▸ **PROMPT**
An exact copy of all the data is required, with pictures left out.

** DATA follows **

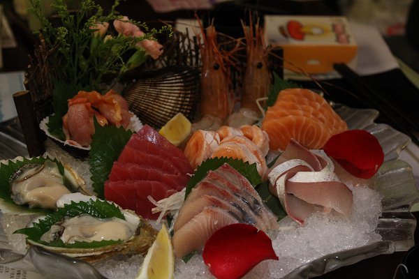 第一道菜是刺身,8个人2盘~看到我直流口水~除了有三文鱼、三文鱼腩、章红鱼、章红鱼腩、吞拿鱼、牡丹虾、活赤贝刺身,还有生蚝~
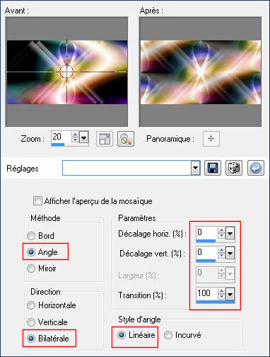 18- Calques, Fusionner tous 19- Fenêtre, Dupliquer, (Maj + D) 20- Effets, Effets d'image, Mosaïque sans jointures
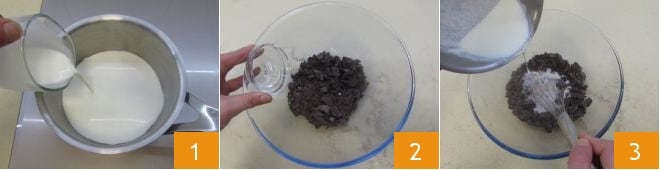 Meanwhile, work on the chocolate ganache and meringue. For the ganache: heat the cream in a saucepan 1, finely chop the dark chocolate and place it in a small bowl. Then take the glucose 2, and put it in the bowl with the chopped chocolate. Pour the hot cream over the dark chocolate in two stages 3,

** End of DATA **

▸ **TASK SOLUTION**
 第一道菜是刺身,8个人2盘~看到我直流口水~除了有三文鱼、三文鱼腩、章红鱼、章红鱼腩、吞拿鱼、牡丹虾、活赤贝刺身,还有生蚝~
 18- Calques, Fusionner tous 19- Fenêtre, Dupliquer, (Maj + D) 20- Effets, Effets d'image, Mosaïque sans jointures
 Meanwhile, work on the chocolate ganache and meringue. For the ganache: heat the cream in a saucepan 1, finely chop the dark chocolate and place it in a small bowl. Then take the glucose 2, and put it in the bowl with the chopped chocolate. Pour the hot cream over the dark chocolate in two stages 3,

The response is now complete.